Below are entries; repeat exactly, and nothing else, the lines from the one holding "5月12日,在馬達加斯加首都" through the one holding "Całość zapakowana jest", inclusive. Leave the pictures out.

___ Supplied entries ___

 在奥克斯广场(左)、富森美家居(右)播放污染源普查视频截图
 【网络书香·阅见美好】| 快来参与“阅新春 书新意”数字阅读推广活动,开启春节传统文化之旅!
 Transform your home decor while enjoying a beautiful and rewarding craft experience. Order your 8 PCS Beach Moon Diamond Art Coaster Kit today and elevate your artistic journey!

___
___ Supplied entries ___

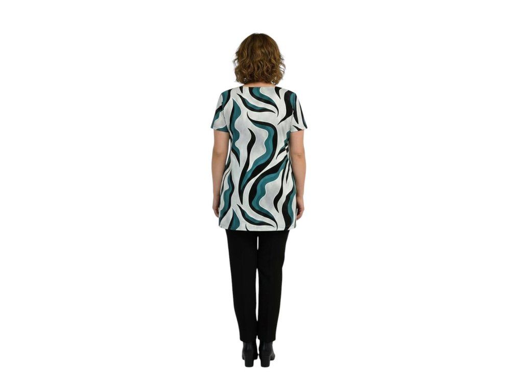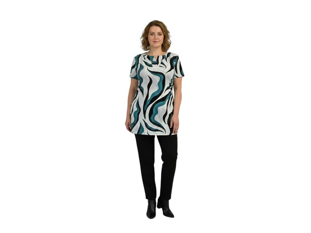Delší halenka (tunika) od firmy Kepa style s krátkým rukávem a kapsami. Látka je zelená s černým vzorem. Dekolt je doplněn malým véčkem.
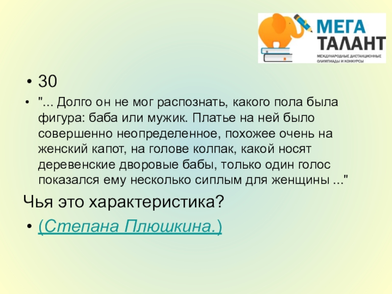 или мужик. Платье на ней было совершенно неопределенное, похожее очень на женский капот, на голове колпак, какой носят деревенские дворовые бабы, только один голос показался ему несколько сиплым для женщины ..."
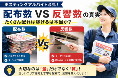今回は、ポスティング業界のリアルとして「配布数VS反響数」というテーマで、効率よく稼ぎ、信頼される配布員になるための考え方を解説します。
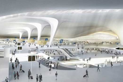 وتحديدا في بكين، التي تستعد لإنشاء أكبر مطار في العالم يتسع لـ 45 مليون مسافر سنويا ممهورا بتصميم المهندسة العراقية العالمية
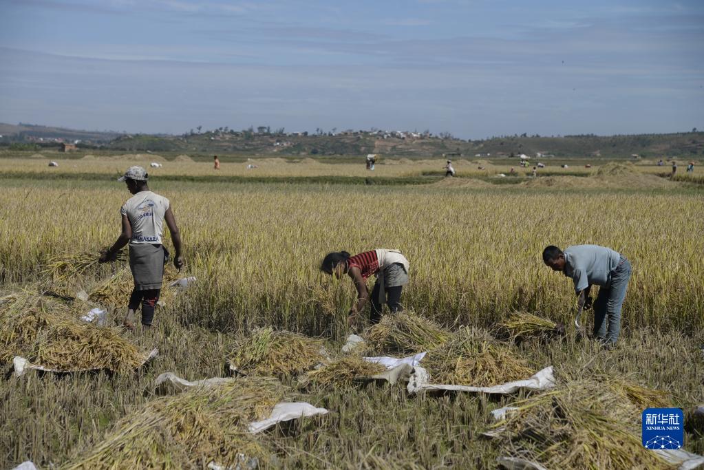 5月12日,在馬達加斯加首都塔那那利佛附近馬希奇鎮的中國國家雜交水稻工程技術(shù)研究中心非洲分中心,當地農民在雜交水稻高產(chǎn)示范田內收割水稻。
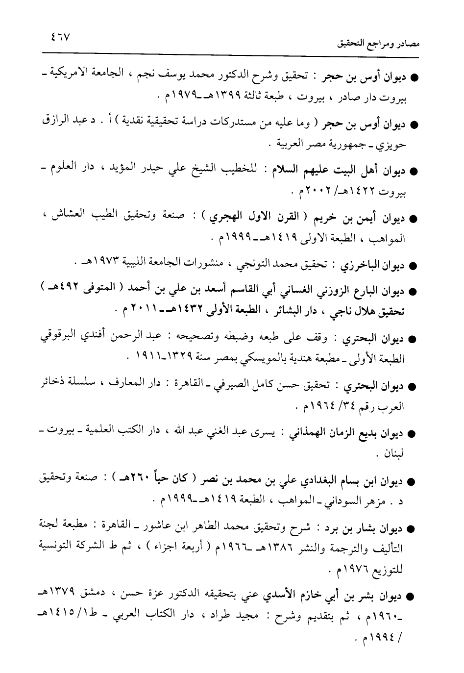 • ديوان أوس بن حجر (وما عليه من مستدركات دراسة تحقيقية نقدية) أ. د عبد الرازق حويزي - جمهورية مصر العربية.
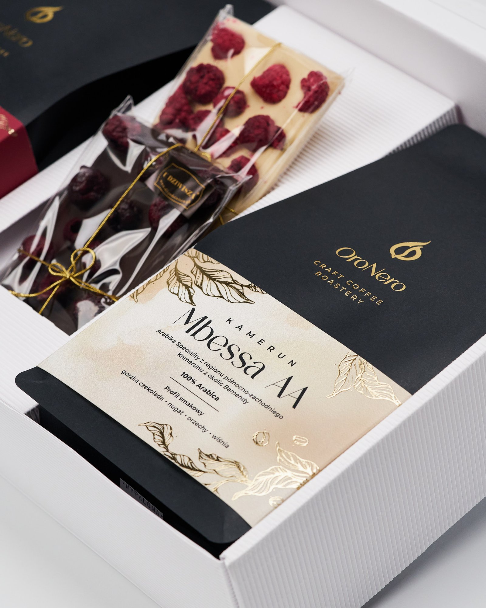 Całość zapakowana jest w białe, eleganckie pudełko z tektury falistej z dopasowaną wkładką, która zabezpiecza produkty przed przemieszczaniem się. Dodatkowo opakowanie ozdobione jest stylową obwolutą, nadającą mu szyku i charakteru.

___

### Solution to the problem
 5月12日,在馬達加斯加首都塔那那利佛附近馬希奇鎮的中國國家雜交水稻工程技術(shù)研究中心非洲分中心,當地農民在雜交水稻高產(chǎn)示范田內收割水稻。
 • ديوان أوس بن حجر (وما عليه من مستدركات دراسة تحقيقية نقدية) أ. د عبد الرازق حويزي - جمهورية مصر العربية.
 Całość zapakowana jest w białe, eleganckie pudełko z tektury falistej z dopasowaną wkładką, która zabezpiecza produkty przed przemieszczaniem się. Dodatkowo opakowanie ozdobione jest stylową obwolutą, nadającą mu szyku i charakteru.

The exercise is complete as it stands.